The Art of Golden Joinery
How many of us have stood aghast and helpless with dismay as our favorite teapot, bowl, or dish slips from our hands and shatters on the floor? Our distress is followed by the indecision as to whether to throw all the broken pieces away or to try and glue them back together as best we can in order to pretend the careless accident never happened.
But there is a third option—we can have the smashed porcelain or pottery repaired by the kintsugi technique that reassembles the fragments, replaces chips, and mends cracks with lacquered gold so that the shimmering scars become a unique and valuable part of the repaired object. By this method, the treasured artifact takes on a new life and a new beauty in its imperfections and reminds us that flaws and wounds add individuality and rareness and give the item its own special value and importance. The technique links to the Japanese word mottainai, meaning the sense of deep regret when something good is wasted, and to mushin, a state of mind that is free from anger, fear, ego, and attachments and an understanding of the need to accept change, not just in physical objects but in people, too.
The legend of kintsugi (golden repair) or kintsukuroi (golden joinery) tells of a great emperor who invited many visitors to the investiture of his son, the Crown Prince.
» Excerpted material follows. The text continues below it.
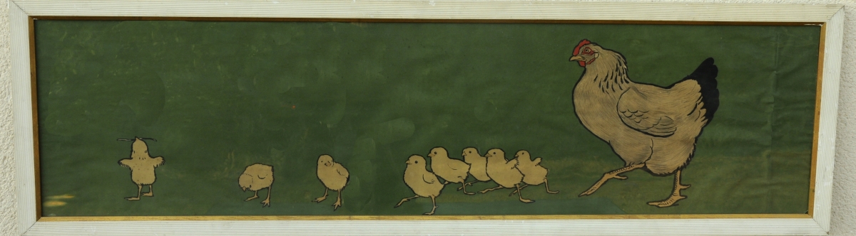 RABIER Benjamin, dans le goût de.Poule et poussins.Chromolithographie.40 x 159...
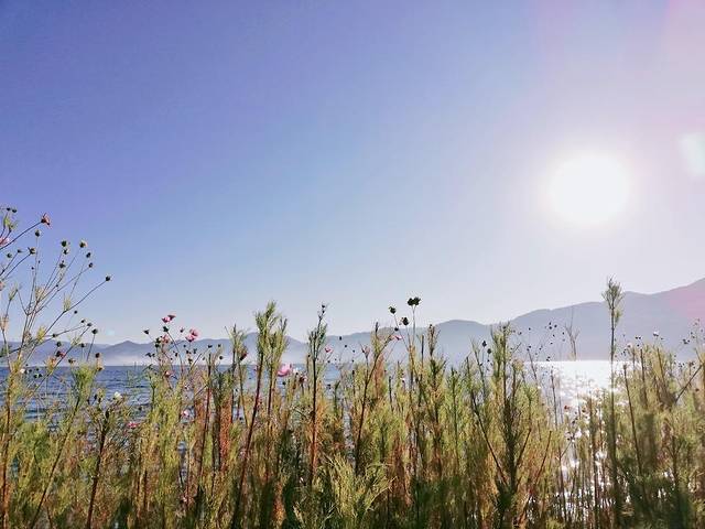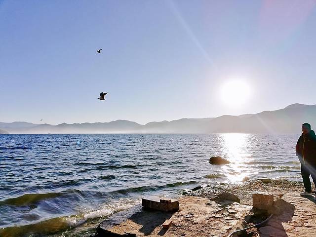 樱花跟两个重庆妹子共同吃了素米线,然后告别,她们继续跟NM师傅的大巴游湖。我换了一间单人房,考虑要在外面跑一天,不带观景台,一天80。去码头附近租自行车开始一天环湖。码头附近有一家卖银饰的店铺,他家租的自行车是捷安特山地车,一天30,押身份证或者现金,特别适合骑行,其他家有各种各样的自行车,但对于长时间骑行的环湖不太好用。给自己准备了几块鲜花饼,几个橘子,一保温杯的热水,骑行中补充能量。

The emperor owned a very special tea bowl that had been made for him by a renowned craftsman, and he was looking forward to showing it of to his guests. On the morning before the ceremony, he found the bowl broken into many pieces inside his cabinet, and he was extremely upset that something so exquisite could have been destroyed. Next morning, all the pieces had disappeared, but so, too, had the Crown Prince’s newly made golden crown. No one knew how this could have happened, but a scruffy, rather dirty person (later revealed as the prince in disguise) had been seen running toward the prince’s apartment, which was now locked. The emperor told his ministers to do nothing but to “leave the prince alone. If he is ready to rule, he must be allowed to act. His will and mine are as one.” The next morning, the precious bowl was back inside the cabinet, more beautiful than before, for it now had veins of gold tracing the pattern of the repair work across its surface. And the crown, slimmer and simpler than before, seemed to possess more strength and authority, for some of its shining power had given new allure and charm to the bowl, and both rarities had thus acquired enhanced stature and presence.